In 1996, Josef Drexler released the first version of TTDPatch, a program designed to patch Transport Tycoon Deluxe when you launched the game, to allow heavy changes to the game without breaking copyright laws.

By the middle of the Turn of the Millennium, TTDPatch was really starting to show its age. Despite amazing improvements to the game, the loophole which made the process legal restricted what could and couldn't be done, so work was started by the community on TT-Forums on a game called "Transport Empire" that was intended to replace TTDPatch to some degree. This is not that either.

OpenTTD is a business management simulation game based very heavily on Transport Tycoon Deluxe. It was programmed in C by Ludvig Strigeus starting in 2003, and released the first version in March of 2004 to much surprise (you had to be deep into the community to notice it was being developed, due to the aforementioned "Transport Empire" being years away from completion but considered to be the most likely way to successfully move forward from TTDPatch at the time), eventually undergoing a conversion to C++ from 2007 onwards. After 20+ years of development, OpenTTD is still going strong, however the "bleeding edge" is the JGRPP fork (Jonathan G. Rennison's Patch Pack) that has been outpacing the primary branch in new features since it was first released in mid-August of 2015.

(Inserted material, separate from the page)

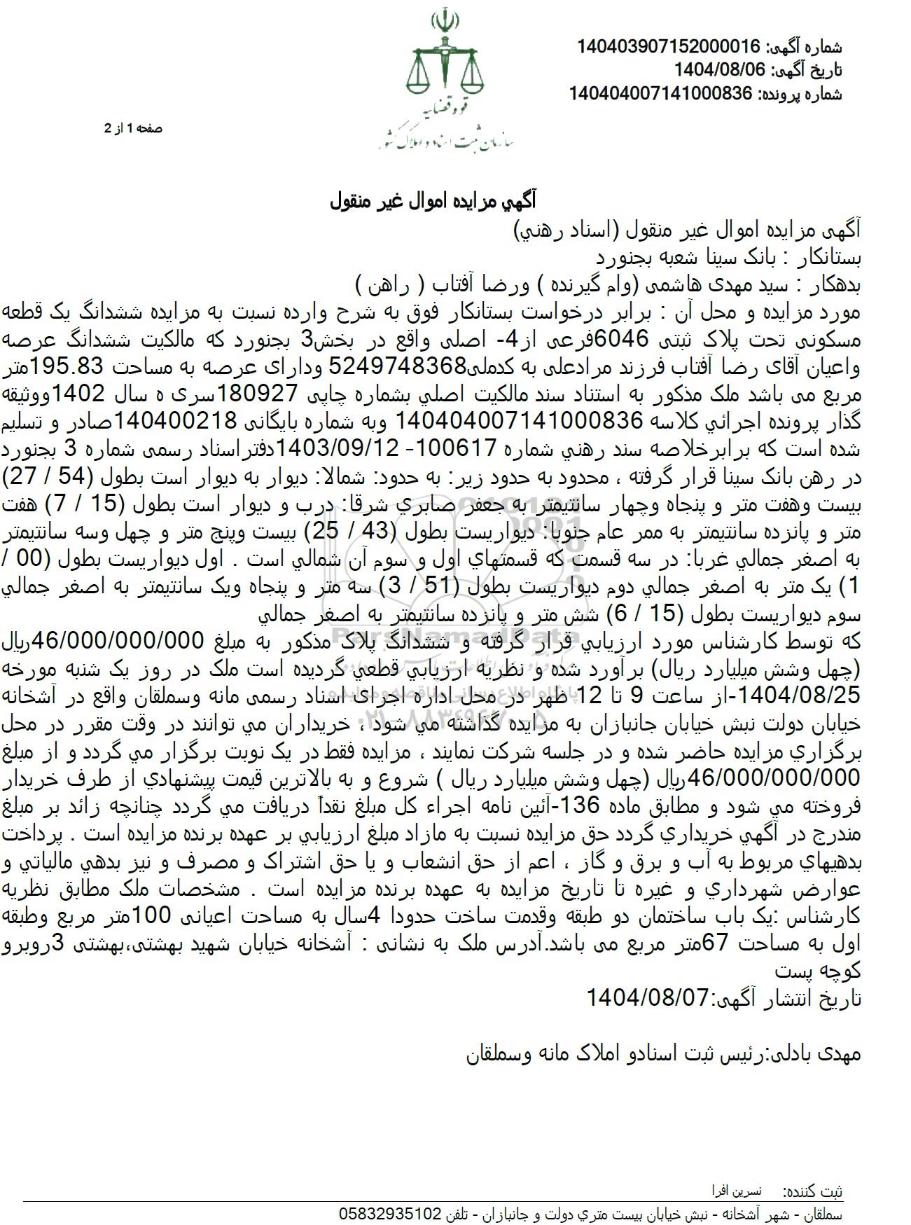 مورد مزایده و محل آن: برابر درخواست بستانکار فوق به شرح وارده نسبت به مزایده ششدانگ یک قطعه مسکونی تحت پلاک ثبتی -6046 فرعی از 4 اصلی واقع در بخش 3 بجنورد که مالکیت ششدانگ عرصه و اعیان آقای رضا آفتاب فرزند مراد علی به کدملی 5249748368 و دارای عرصه به مساحت 195.83 مترمربع میباشد ملک مذکور به استناد سند مالکیت اصلی بشماره چاپی 180927 سری 5 سال 1402 ووثیقه گذار پرونده اجرائی کلاسه 140404007141000836 و به شماره بایگانی 140400218 صادر و تسلیم شده است که برابر خلاصه سند رهنی شماره 100617 - 1403.09.12 دفتر اسناد رسمی شماره 3 بجنورد در رهن بانک سینا قرار گرفته ، محدود به حدود زیر به حدود شمالا دیوار به دیوار است بطول (54 . 27) بیست و هفت متر و پنجاه و چهار سانتیمتر به جعفر صابری شرقا درب و دیوار است بطول (15 . 7) هفت متر و پانزده سانتیمتر به ممر عام جنوبا دیواریست بطول (43) . 25 بیست و پنج متر و چهل و سه سانتیمتر به اصغر جمالی غربا در سه قسمت که قسمتهای اول و سوم آن شمالی است. اول دیواریست بطول 00 .(1) یک متر به اصغر جمالی دوم دیواریست بطول (51) . (3) سه متر و پنجاه و یک سانتیمتر به اصغر جمالی سوم دیواریست بطول (15) . (6) شش متر و پانزده سانتیمتر به اصغر جمالی که توسط کارشناس مورد ارزیابی قرار گرفته و ششدانگ پلاک مذکور به مبلغ 46.000.000.000 ریال چهل و شش میلیارد ریال برآورد شده و نظریه ارزیابی قطعی گردیده است ملک در روز یک شنبه مورخه 1404.08.25 - از ساعت 9 تا 12 ظهر در محل اداره اجرای اسناد رسمی مانه و سملقان واقع در آشخانه خیابان دولت نبش خیابان جانبازان به مزایده گذاشته میشود ، خریداران میتوانند در وقت مقرر در محل برگزاری مزایده حاضر شده و در جلسه شرکت نمایند، مزایده فقط در یک نوبت برگزار می گردد و از مبلغ 46.000.000.000 ریال چهل و شش میلیارد ریال ( شروع و به بالاترین قیمت پیشنهادی از طرف خریدار فروخته می شود و مطابق ماده -136 - آئین نامه اجراء كل مبلغ نقدا دریافت میگردد چنانچه زائد بر مبلغ مندرج در آگهی خریداری گردد حق مزایده نسبت به مازاد مبلغ ارزیابی بر عهده برنده مزایده است . پرداخت بدهیهای مربوط به آب و برق و گاز ، اعم از حق انشعاب و یا حق اشتراک و مصرف و نیز بدهی مالیاتی و عوارض شهرداری و غیره تا تاریخ مزایده به عهده برنده مزایده است. مشخصات ملک مطابق نظریه کارشناس یک باب ساختمان دو طبقه و قدمت ساخت حدودا 4 سال به مساحت اعیانی 100 متر مربع وطبقه اول به مساحت 67 متر مربع میباشد. آدرس ملک به نشانی : آشخانه خیابان شهید بهشتی بهشتی 3 روبرو کوچه پست
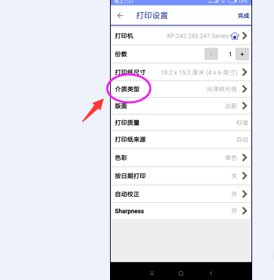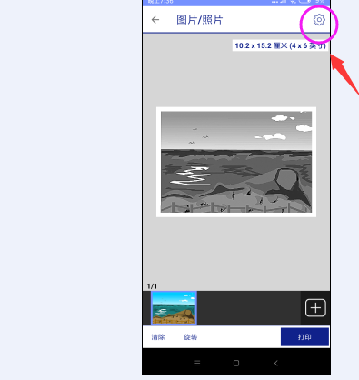 點擊圖片/照片按鈕,隨便的選擇一張圖片,然后在其右上角會看到設置的齒輪圖標,點擊后進入打印設置 界面,找到介質類型,選擇 愛普生超光澤紙,即可完成操作。這樣打印出來的圖片質量,就會大大增加!

As in the official games by Chris Sawyer, the apparent object of the games is to end up with a monopoly of transport services for a usually randomly generated map. Transport is provided in all major modes; air, rail, road, and water, though the most profit tends to come from rail and then air. This is often thrown out the window in favor of making extremely efficient rail super-networks, or just building a train set out of the map for your own enjoyment. Oh, and there's multiplayer too.

OpenTTD was established around the same time as the less-remembered official pseudo-sequel Locomotion, and unlike the latter, is still going strong (tropes exclusive to OpenTTD and the JGR Patch Pack version of it are both listed on this page).

Compare and contrast N.I.M.B.Y. Rails, Simutrans, Mashinky, Voxel Tycoon, Railroad Tycoon, Industry Giant, Sweet Transit, Railgrade, Cities in Motion, Soviet Republic, Transport General, Chris Sawyer's Locomotion, and the Train Fever games, all of which focus solely or significantly on vehicular logistics.

Also compare and contrast A Train, Sim City, Cities Skylines, Theme Park and Theme Hospital, Software Inc., Roller Coaster Tycoon, Parkitect, and Power to the People, games with similar interfaces but a different industry or purpose to focus on.

Contrast Factorio and Satisfactory, which both have comparably complex rail, air, seaport and road infrastructure but also a scope well beyond logistical entrepreneurship.

Not to be confused with OpenGFX/OpenSFX/OpenMSX (which are the base graphic/sound effect/music sets available, see below), ChatGPT, OpenXR or OpenSea.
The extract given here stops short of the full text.